"andy-k" wrote in message
news:nW59k.67928$GF6.35553@newsfe27.ams2...
>> There are no mechanisms, airplanes, guided missiles, etc., for a
>> solipsist. There are only ideas of them. And the notion that one idea
>> is communicating with another is but another idea. (There is no
>> communication going on within a movie --- only moving patterns of
>> light which we construe as characters communicating).
> I can't say I recognize that variant of solipsism. What I would say is
> that the first-person subjective perspective upon a world ('this'
> phenomenal perspective that "I am", encompassing other people and the
> words they use) necessarily excludes anything that might lie 'beyond'
> this perspective. Admittedly this perspective encompasses the
> *inference* that a postulated 'beyond' exists (in the form of our idea
> of "the real world"), but just like our belief in other minds, this
> inference is not testable by any appeal to sense data (since sense
> data are 'internal' to it). Only if one insists on the view that the
> phenomena of airplanes are "not really" airplanes (i.e. only the
> postulated 'external' airplanes are 'real') can one say that there are
> no airplanes for a solipsist. But even then, airplanes, linguistic
> references to airplanes, and communications about airplanes will still
> be arising within this domain, and the postulated 'real' airplanes
> remain just another *idea* within it. 'Reality' is a treacherous word.
Yes it is. Which is why I avoided it. :-)
The thrust of my comments above was that we conceive of such things as
airplanes, etc., as being things existing outside and independent of our
knowledge or thoughts of them. That is, we distinguish between airplanes and
the idea of airplanes. Solipsism collapses that distinction.
>> How do we decide when something which appears to be a human being
>> is not, after all, a human being? Are there some criteria we bring to
>> bear on that question?
> E.g. if it's skin is made of polycarbonate then we decide that it is
> not, after all, a human being. We first respond and then recognize our
> error.
The salient point being that our instinctive responses are subject to error,
and therefore we must have some means of recognizing those errors. I.e., we
must have some criteria we can apply to sort out correct responses from
erroneous ones. What are those criteria?
> The response precedes any reasoning about it.
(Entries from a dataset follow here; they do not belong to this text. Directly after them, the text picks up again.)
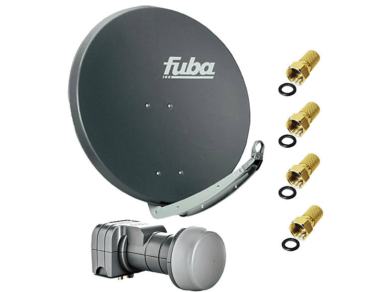 Boah, diese Profi-Sat-Anlage hat alles, was du für perfekten TV-Empfang brauchst! Das Komplettset kommt mit der Fuba DAL 800 Satellitenschüssel in Anthrazit - die ist total stabil und super einfach zu montieren. Der Aluminium-Reflektor (74x84 cm) ist pulverbeschichtet und absolut korrosionsfest.\\n\\nDazu gibt's den HB-DIGITAL 5/12 Multischalter, der das Signal von einem Satelliten auf bis zu 12 Receiver verteilt - perfekt für Mehrfamilienhäuser oder wenn du mehrere TVs hast. Der UHD-Quattro-LNB mit nur 0,1 dB Rauschmaß sorgt für gestochen scharfe Bilder in 4K und Ultra HD.\\n\\nMontage? Kein Problem! Der klappbare LNB-Tragarm macht den Aufbau zum Kinderspiel, und die innenliegende Kabelführung sieht super ordentlich aus. Mit den 35 vergoldeten F-Steckern bist du auch bei der Verkabelung bestens ausgestattet.\\n\\nOb für Sky HD+, DVB-S2 oder 4K - diese Anlage rockt einfach alles. Selbst bei schlechtem Wetter bleibt das Signal stabil. Einfach aufbauen und sich über perfekten TV-Genuss freuen!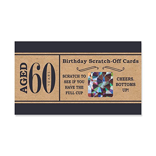 -. Feature : 60th Milestone Birthday - Dashingly Aged to Perfection - Party Game Scratch Off Cards - 22 Count / Each game has 2 "winner" cards and 20 "loser" cards / Cards measure 2.75" tall x 4.75" wide / Cards are P.R.Inted on heavy card stock with the game on the front and a pattern on the back / Made in the USA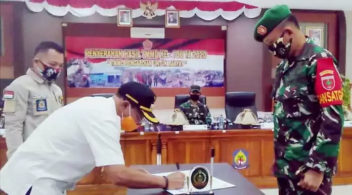 Acara penutupan TMMD ke 108 Kodim 1425 Jeneponto yang berlangsung di ruang Pola Panrannuangta Kantor Bupati Jeneponto, Rabu, 29 Juli 2020 dihadiri, Kasrem 141 Toddopuli, Letkol Inf Bobby Triyanto, Dandim 1425 Jeneponto, Letkol Inf Irfan Amir, Sekda Syafruddin Nurdin, Wakapolres Jeneponto, Kompol Marikar dan sejumlah Kepala OPD Pemkab Jeneponto.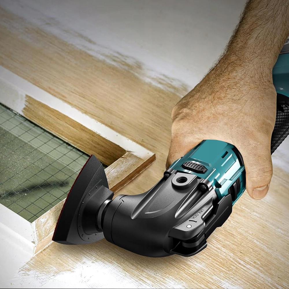 Наш коливальний електронний інструмент має міцну систему захисту із закріпленням інструменту та акумулятора, захист від перевантаження, захист від перегріву та захисту від дефіциту напруги. Матові пластикові ручки забезпечують захист від слизу, а м'яка ручка запобігає втомі під час тривалого використання.
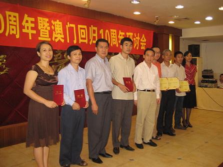 10月14日下午,廣東省江門市僑聯(lián)、江門市華僑歷史學會在市僑聯(lián)大廈舉行以“慶祝建國60周年暨澳門回歸10周年”為主題的研討會。江門市政府副市長謝日榮,市外事僑務局局長、僑聯(lián)主席張國富,市社科聯(lián)主席楊偉雄,澳門大學中國文化研究中心主任鄭德華教授等專家學者以及學會理事等50多人出席。研討會由江門市僑聯(lián)專職副主席林春暉主持。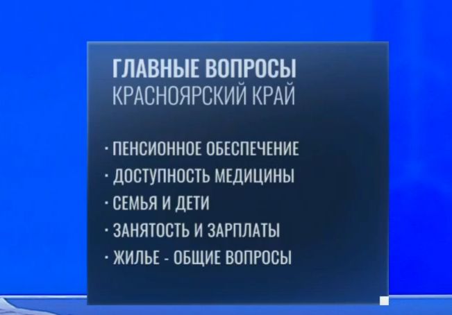 Самой популярной темой вопросов от красноярцев стало пенсионное обеспечение. На втором месте — вопросы доступности медицины. Также в топ-5 тем, которые поднимали жители региона, вошли: семья и дети, занятость и зарплаты, общие вопросы по жилью.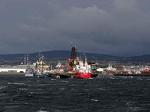 ... im angrenzenden Ozean wird Öl gefördert. |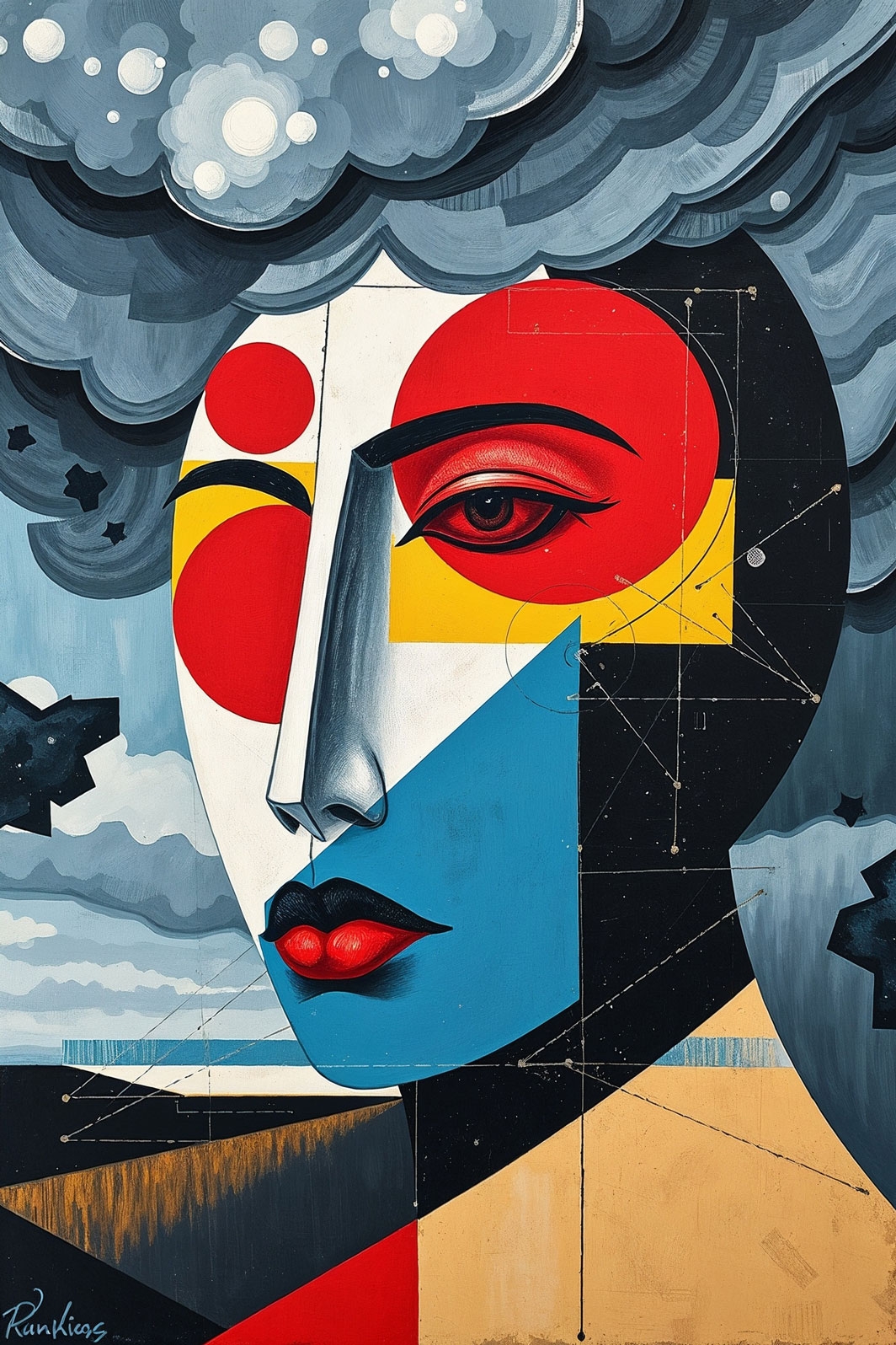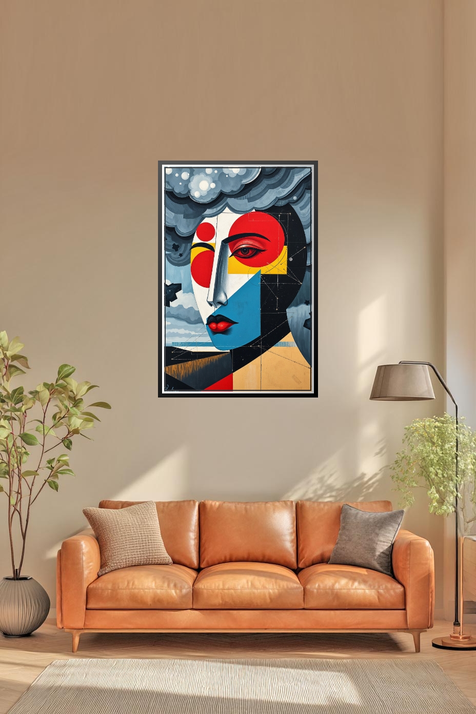 This surreal Bauhaus-inspired portrait makes a captivating gift for art lovers, creatives, and fans of imaginative modern design. Dramatic clouds, bold shapes, and expressive colors create a dreamlike mood that enriches living rooms, studios, or office spaces. Printed on premium archival paper for crisp detail and rich tonal depth, ready to frame or gift. A powerful statement piece that also shines within a curated contemporary gallery wall.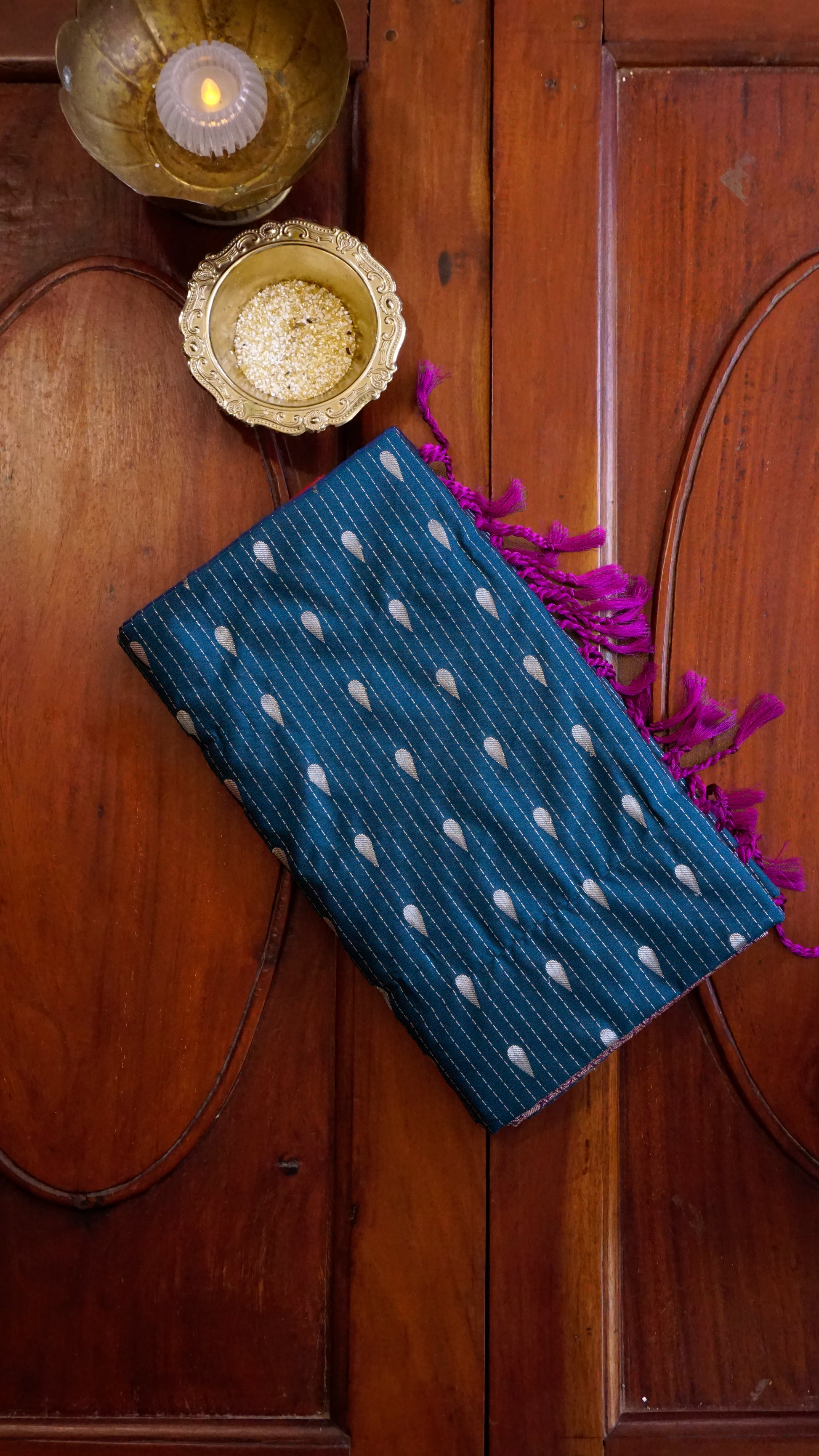 Style Tip: Perfect for weddings, festive occasions, and cultural functions. Pair with a contrast blouse (purple, silver, or even magenta) and silver/gold jewelry for a grand look.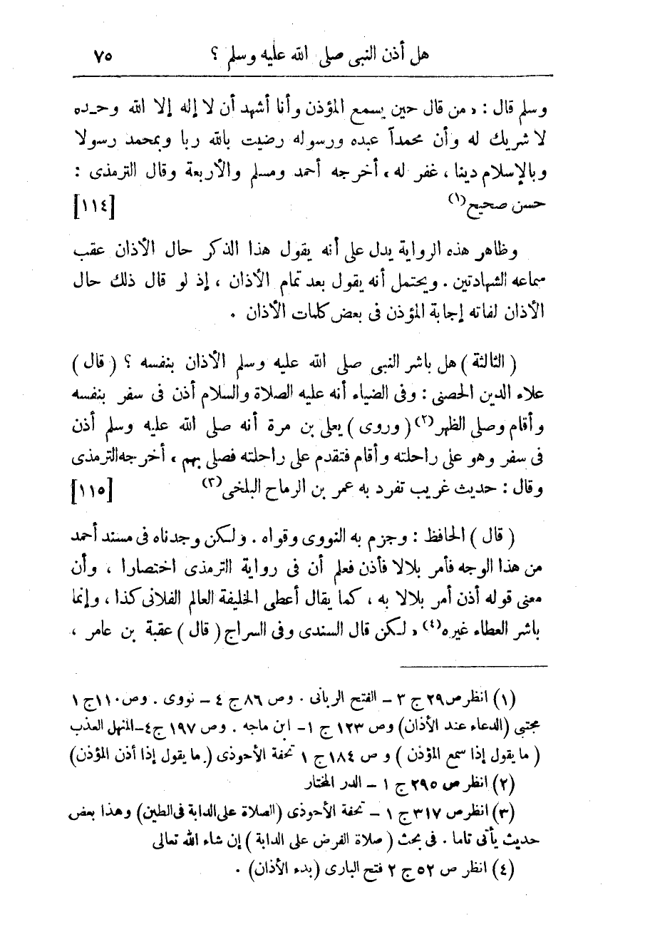 (الثالثة) هل باشر النبى صلى الله عليه وسلم الأذان بنفسه؟ (قال) علاء الدين الحصنى: وفى الضياء أنه عليه الصلاة والسلام أذن فى سفر بنفسه وأقام وصلى الظهر (¬2) (وروى) يعل ابن مرة نه صلى الله عليه

In many cases it does. But that is irrelevant. Since those responses can
often be misguided or gratuitous, we can't rely on our response itself as
conclusive evidence for the the nature of the stimulus, or even that there
has been a stimulus.
The questions here are, "How do we know when someone else is in a subjective
state, and which subjective states he is in?"
You are trying to answer that by saying, "Well, we instinctively respond to
him *as though* he is in a particular subjective state (pain, etc.)" But
that is all but worthless, by itself, as evidence of those states, since we
also respond the same way to things we agree are not in that subjective
state, or indeed in any.
BTW, did you notice that imputing subjective states to Alfie does indeed
have empirical consequences, even on your theory? Namely, that we and others
respond is certain ways if Alfie is in those states? And I'd agree that
qualifies as evidence (but it falls far short of conclusive evidence).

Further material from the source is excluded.